Unconventional Wisdom from John Kominicki: 60 years on, we’ve discovered that size, at least when it comes to housing, really matters

Print

History has anointed Bill Levitt the king of suburbia, but the crown might have as easily gone to Walter Turnbull Shirley, a Brooklyn-born song promoter and wannabe impresario who turned to selling Long Island’s pastoral charm to the masses in the late 1930s.

As Shirley told the story, he smooth-talked his way into a meeting with William K. Vanderbilt II, grandson of the railroad titan and one of the largest landowners on the Island.

Willy K., as he was known, had been burdened with an inheritance worth $1.5 billion today, but decades of carefree spending, the dawn of the federal income tax and the long toll of the Depression had begun to convince him that money was maybe an object after all.

After unloading his private Motor Parkway racetrack on local municipalities – in lieu of $80,000 in back taxes – Vanderbilt decided to make liquid some of the vast tracts he owned around Lake Ronkonkoma. In 1937, he agreed to sell Shirley 250 acres – with lake views and a mile of Motor Parkway frontage – for the bargain price of $8,000.

(If you’ve doubted Shirley’s skills to this point, Vanderbilt wanted $100,000.)

Thousands rushed to own their share of what was marketed as the “Vanderbilt Estate,” and Shirley quickly acquired another 750 of Willy’s acres, then thousands more in Smithtown, Islip and Mastic. Standard 0ffer: A quarter acre for $99, put $10 down and pay $1 per week.

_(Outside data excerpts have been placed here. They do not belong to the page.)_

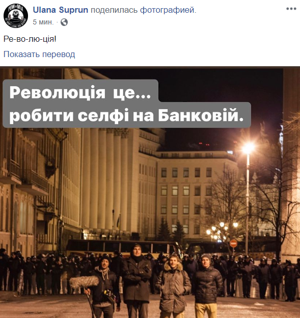 19:20  Ульяна Супрун делает вдохновляющие перепосты и пишет по слогам: "Ре-во-лю-ция!"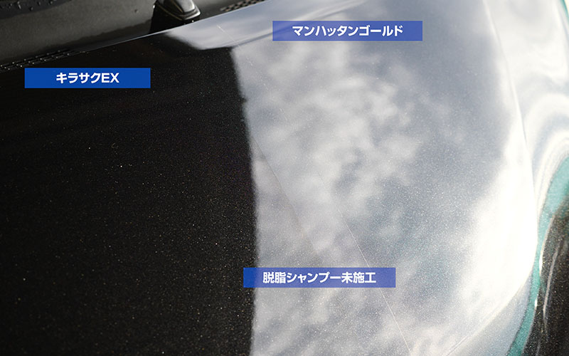 パッケージに「コーティング剤やワックスの効果を200%アップさせます」と書いてあったので、ボンネットの半面だけ『脱脂シャンプー』を施工して、全面に簡易コーティング剤とワックスを施工し、違いが出るのか検証をしました。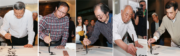 研讨会结束后,专家们参观了于右任教育思想纪念馆和右任书院。几位书法家泼墨挥毫,举行了书法示范与笔会。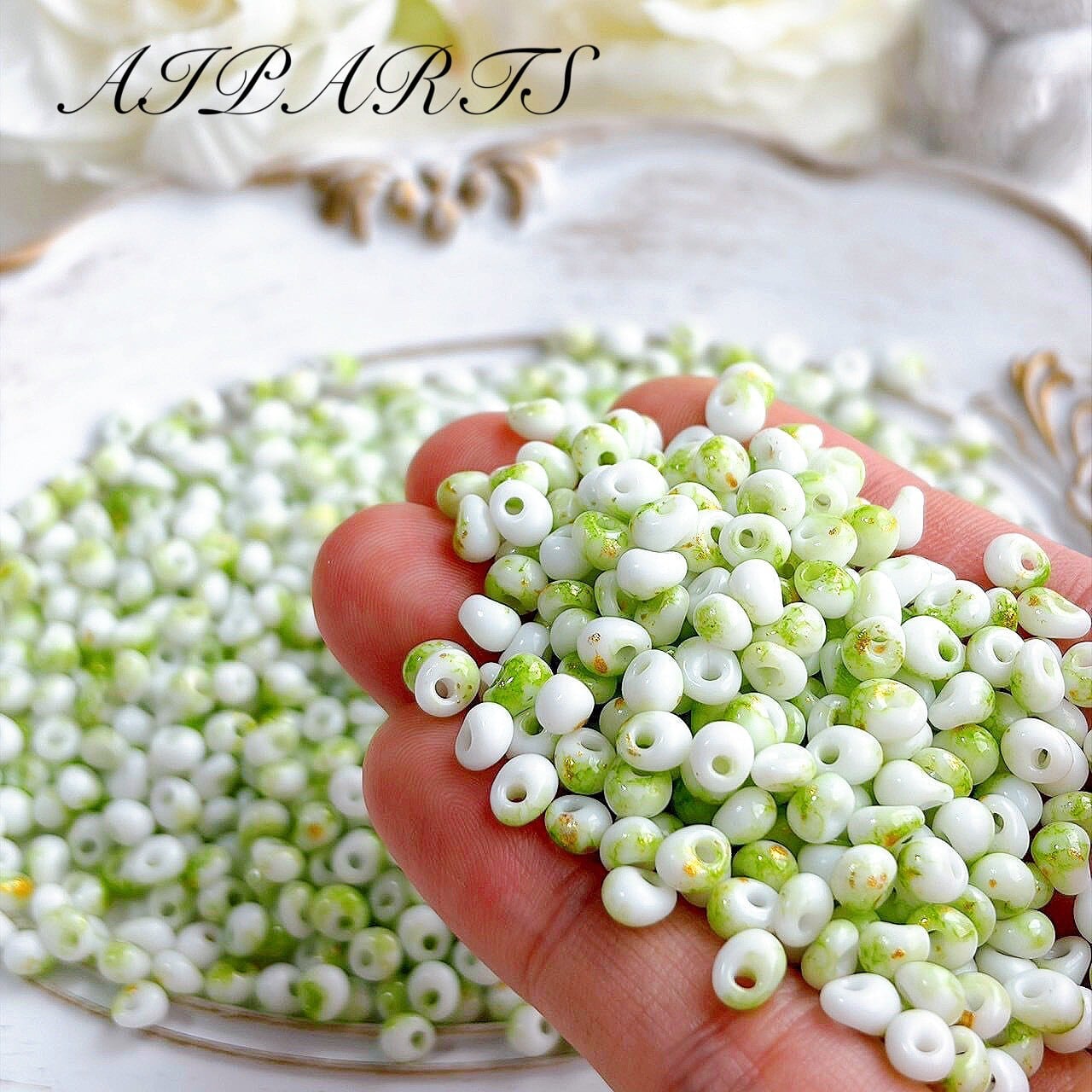 ガラスビーズ 端穴 30g約300粒 金箔 しずく型 雫 ティアドロップ ハンドメイド資材 ハンドメイド素材 DIY素材 アクセサリーパーツ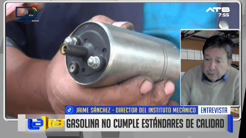 La Paz, 9 de abr 2026 (ATB Digital).- Jaime Sánchez, director del Instituto Mecánico, afirmó que la gasolina no estaría cumpliendo con los estándares de calidad. Señaló que los laboratorios móviles de la ANH presentan limitaciones y que en las pruebas se habrían omitido componentes críticos para su evaluación.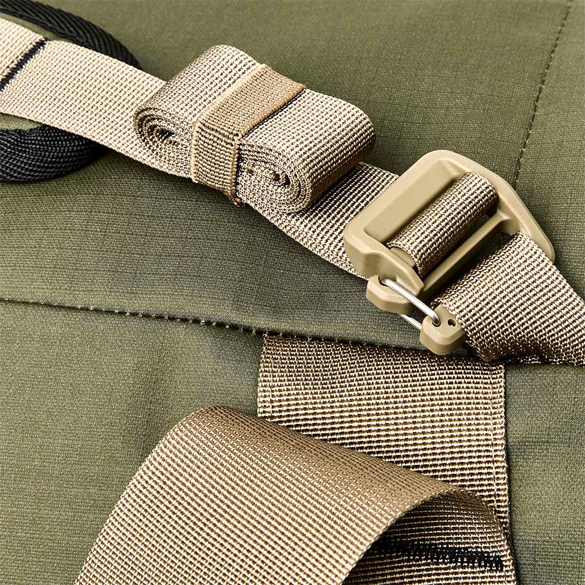 - Bovenkant van de tas: 300D ripstop → lichtgewicht & scheurbestendig
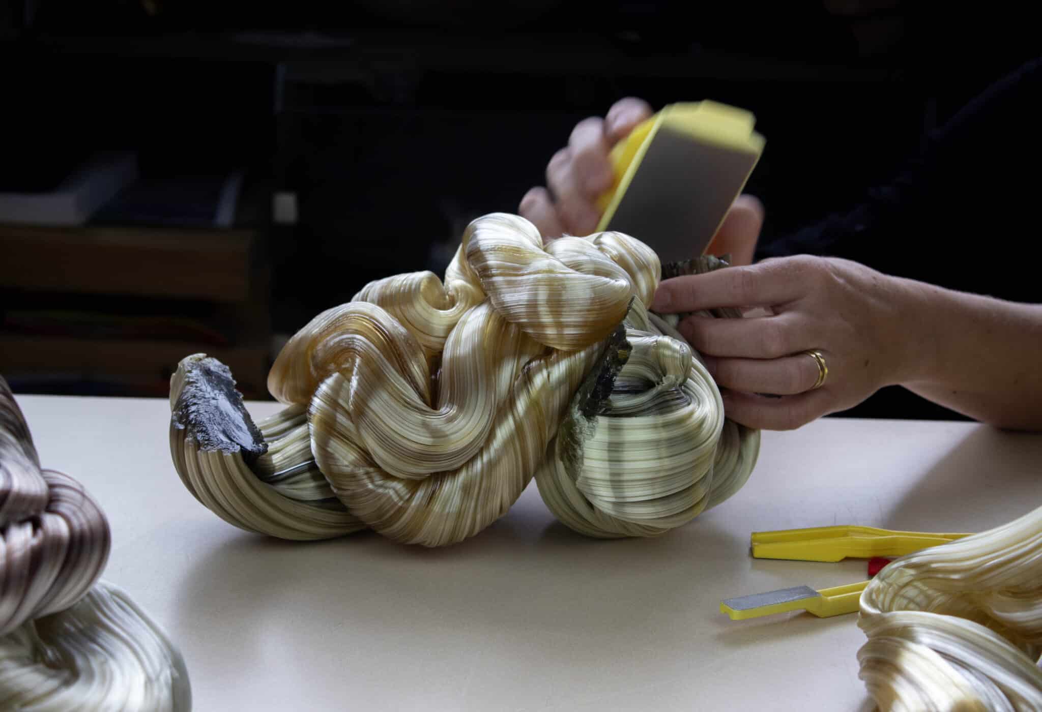 In addition, by stretching and folding hot glass, the strings on the outside cools down much faster than the warm core, offering a unique opportunity for me to work with the illusion of softness and create moments frozen in time. In the last seconds of malleability, I shape the glass by hand wearing heat resistant Kevlar gloves.

If you wanted an actual house on your property, Shirley sent you to the Lido Construction Co., run by Alfred Parr and, later, his kid brother, Ron. In 1949, their $4,995 starter house was almost identical to the Levitt homes being built in Nassau County – boxy Cape Cods with living room, two bedrooms, a kitchen and bathroom that totaled less than 750 square feet. There was space to grow in an “expansion” attic.

Though significantly smaller than American homes built before the Depression and World War II – the average in 1920 was 1,200 square feet – early post-war homes could be built fast and affordably for returning vets and City residents yearning for suburbia. At peak pace, Levitt was putting up 30 houses a day.

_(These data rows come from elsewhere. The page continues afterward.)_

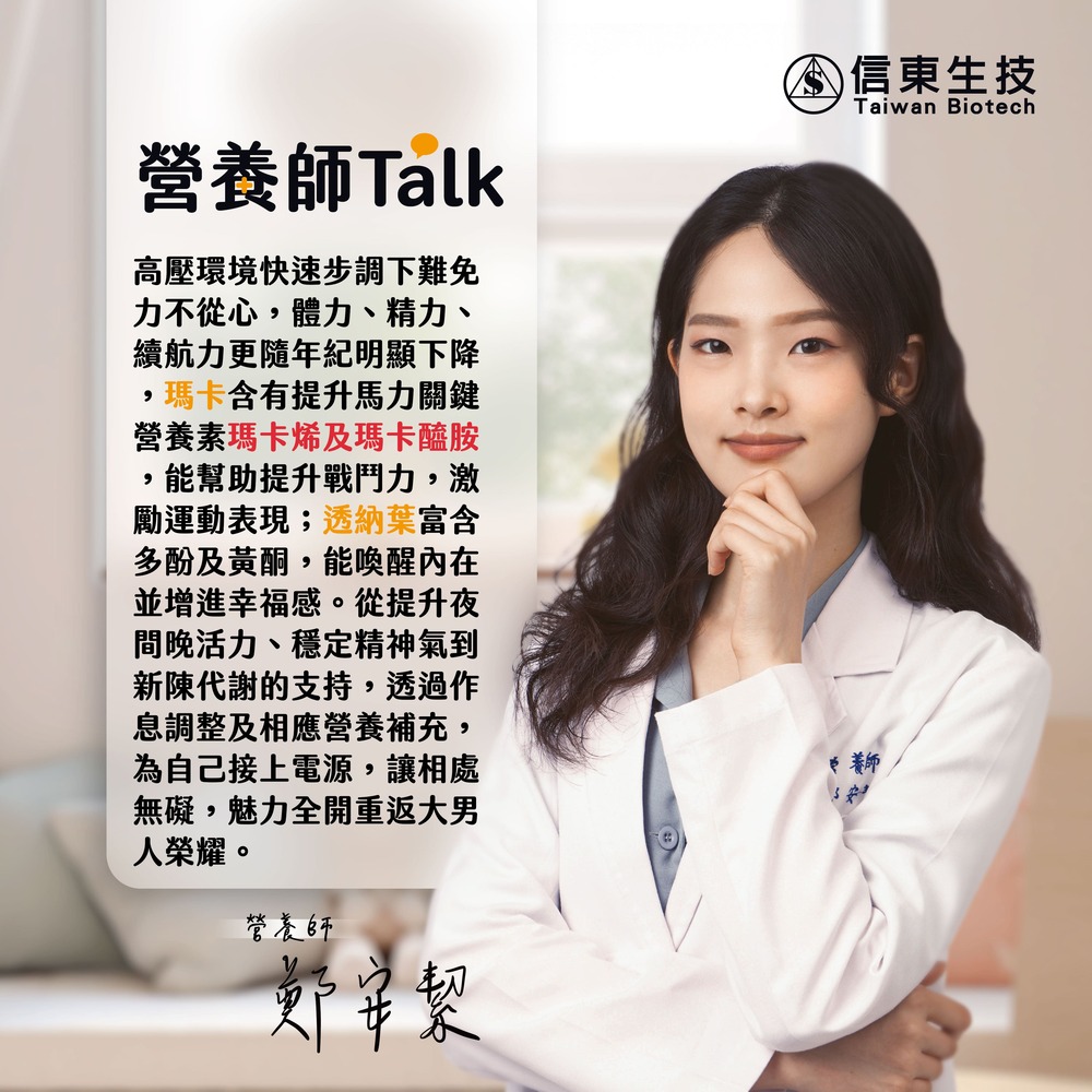 ● 祕魯瑪卡+專利植威剛透納葉+鋅+B群+精胺酸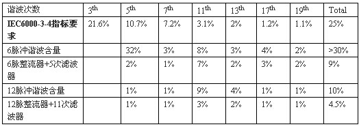 采用12脈沖整流器+11次諧波器可達到小于4.5%的電流諧波指標。單次諧波和總諧波含量均滿足IEC61000-3-4的指標要求。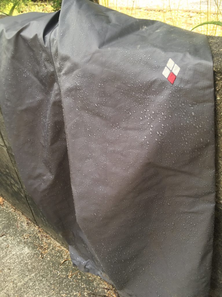 討死。見よこのあわれな濡れ鼠を。水が浸み込んでしまっている。これでは透湿機能まで損なわれてしまう。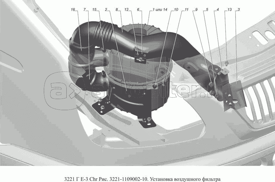 3221-1109002-10. Установка воздушного фильтра
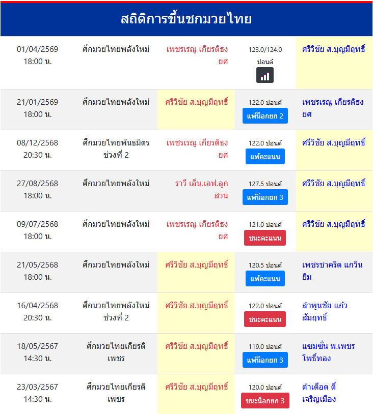สถิติการขึ้นชกมวยไทย

Thanks to FHA loan guarantees that required as little as 3 percent down, houses didn’t remain small for long. Responding to consumer demand, builders like the Parr brothers quickly introduced a larger ranch, then ever-bigger colonials, high ranches and other models.

Long Island municipalities also began regulating the size of new homes, ostensibly to standardize the look and feel of their sprouting subdivisions, although the regulations clearly served to keep out those who couldn’t afford the mandated minimums. The Town of Brookhaven, for one, required a minimum home size of 1,000 square feet beginning in 1953.

By the early 1960s, the Parr brothers’ top sellers were the 1,600-square-foot Mayflower and the 2,200-foot Arlington. They built more than 10,000 houses over the years, at one point consuming half of all the lumber sold in Suffolk County.

America’s love for ever-bigger abodes has not moderated in the years since. Today’s average new home has grown to more than 2,600 square feet, even though the average American household has steadily shrunk, from 3.3 people in 1960 to 2.5 today.

Hindsight, we know, is perfect, and it’s tough to condemn the 1950s zoning boards that sought to do right by our returning World War II vets. But, as we now know, communities find their real strength in diversity, not mandated homogeny.

Long Island would be a vastly more vibrant region today if post-war planners had promoted a much broader range of housing options, including smaller, more affordable houses – and significantly more apartments – that could better accommodate all ages and incomes. Especially the under-30 crowd that has been leaving the Island en mass to find affordable digs elsewhere.

That the 1950s rush to build homes for young GIs spawned the loss of the Island’s young population today is perhaps the region’s greatest irony.

Second is how slow we’ve been in doing anything about it.